Task: Any pictures in the records below must be left out when you repeat the lines from the line containing "As expected the" through the line containing "Figure 2. Geological" exactly.

(Records from a data source)

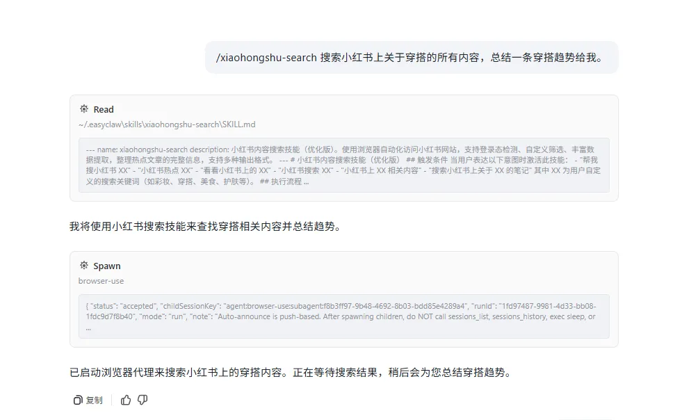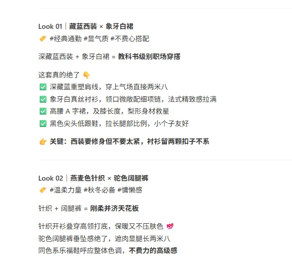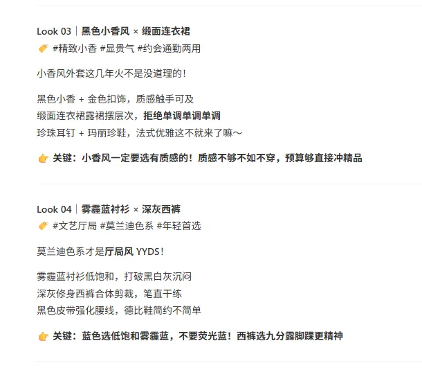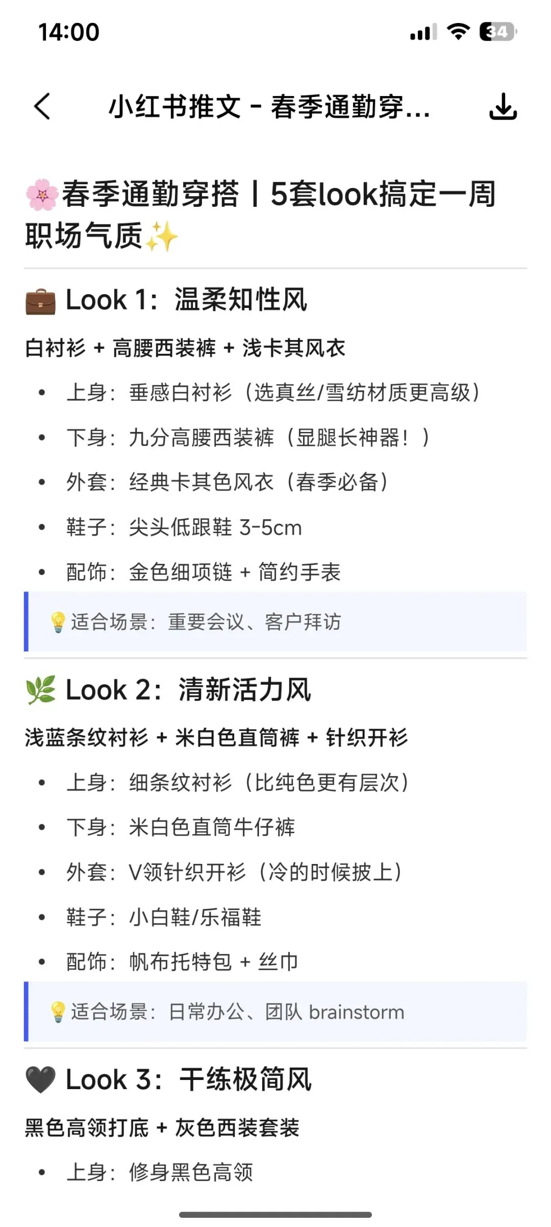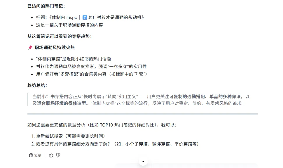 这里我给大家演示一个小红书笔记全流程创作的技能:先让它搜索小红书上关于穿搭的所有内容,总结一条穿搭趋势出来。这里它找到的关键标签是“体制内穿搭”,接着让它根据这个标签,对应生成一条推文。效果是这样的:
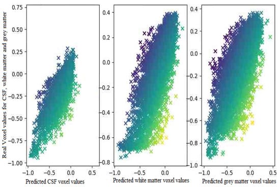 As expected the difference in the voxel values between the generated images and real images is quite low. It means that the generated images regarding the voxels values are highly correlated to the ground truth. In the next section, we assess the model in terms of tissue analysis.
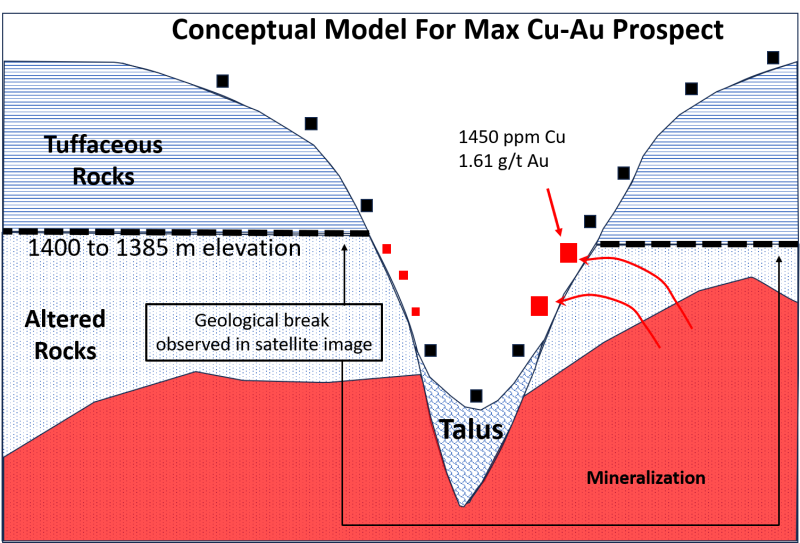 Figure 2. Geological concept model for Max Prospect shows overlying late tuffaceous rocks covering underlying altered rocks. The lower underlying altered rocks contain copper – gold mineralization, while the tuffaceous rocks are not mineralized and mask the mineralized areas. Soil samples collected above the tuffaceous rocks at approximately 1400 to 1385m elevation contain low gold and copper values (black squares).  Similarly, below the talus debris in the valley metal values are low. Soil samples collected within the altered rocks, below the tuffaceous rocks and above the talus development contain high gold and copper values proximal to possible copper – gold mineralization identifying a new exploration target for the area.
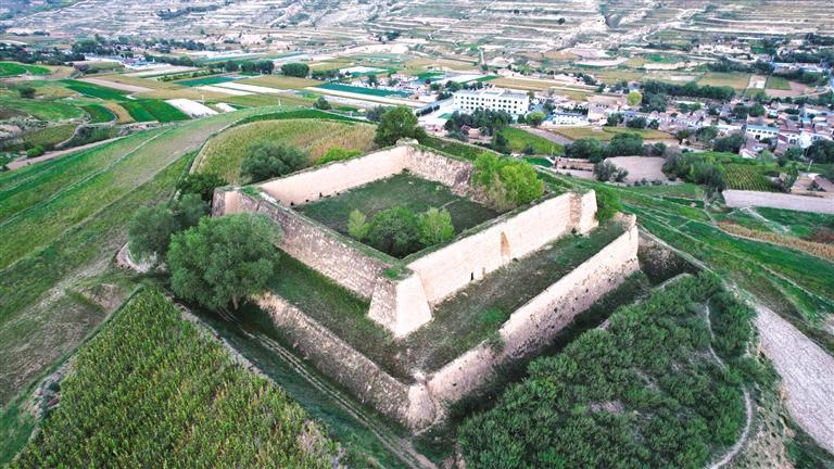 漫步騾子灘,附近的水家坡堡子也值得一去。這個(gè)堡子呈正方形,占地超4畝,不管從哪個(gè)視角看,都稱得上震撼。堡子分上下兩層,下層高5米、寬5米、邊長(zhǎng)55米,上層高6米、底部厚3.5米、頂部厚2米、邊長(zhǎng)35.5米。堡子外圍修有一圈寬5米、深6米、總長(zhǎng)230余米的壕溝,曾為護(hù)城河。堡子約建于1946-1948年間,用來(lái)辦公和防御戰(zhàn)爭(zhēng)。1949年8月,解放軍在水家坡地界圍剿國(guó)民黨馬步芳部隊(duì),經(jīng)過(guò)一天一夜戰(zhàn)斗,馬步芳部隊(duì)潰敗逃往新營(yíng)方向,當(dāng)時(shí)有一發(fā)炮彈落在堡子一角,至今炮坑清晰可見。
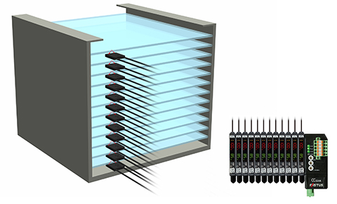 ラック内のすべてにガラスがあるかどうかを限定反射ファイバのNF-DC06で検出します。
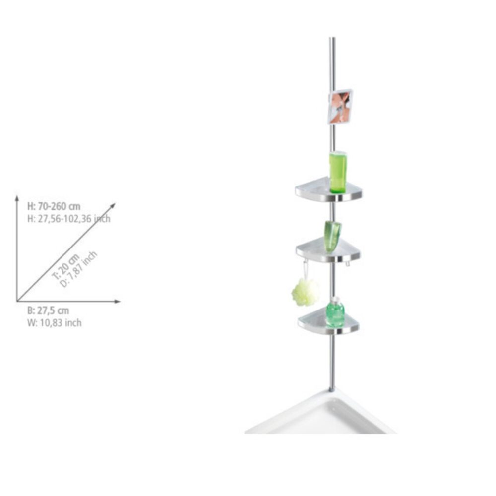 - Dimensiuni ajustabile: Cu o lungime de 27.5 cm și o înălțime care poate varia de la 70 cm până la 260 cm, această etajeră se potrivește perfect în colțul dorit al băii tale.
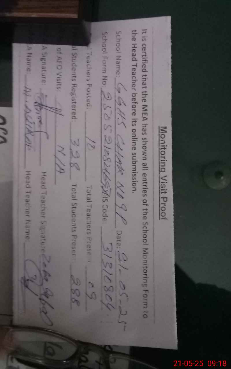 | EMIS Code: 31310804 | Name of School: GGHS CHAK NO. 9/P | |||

Task response:
 As expected the difference in the voxel values between the generated images and real images is quite low. It means that the generated images regarding the voxels values are highly correlated to the ground truth. In the next section, we assess the model in terms of tissue analysis.
 Figure 2. Geological concept model for Max Prospect shows overlying late tuffaceous rocks covering underlying altered rocks. The lower underlying altered rocks contain copper – gold mineralization, while the tuffaceous rocks are not mineralized and mask the mineralized areas. Soil samples collected above the tuffaceous rocks at approximately 1400 to 1385m elevation contain low gold and copper values (black squares).  Similarly, below the talus debris in the valley metal values are low. Soil samples collected within the altered rocks, below the tuffaceous rocks and above the talus development contain high gold and copper values proximal to possible copper – gold mineralization identifying a new exploration target for the area.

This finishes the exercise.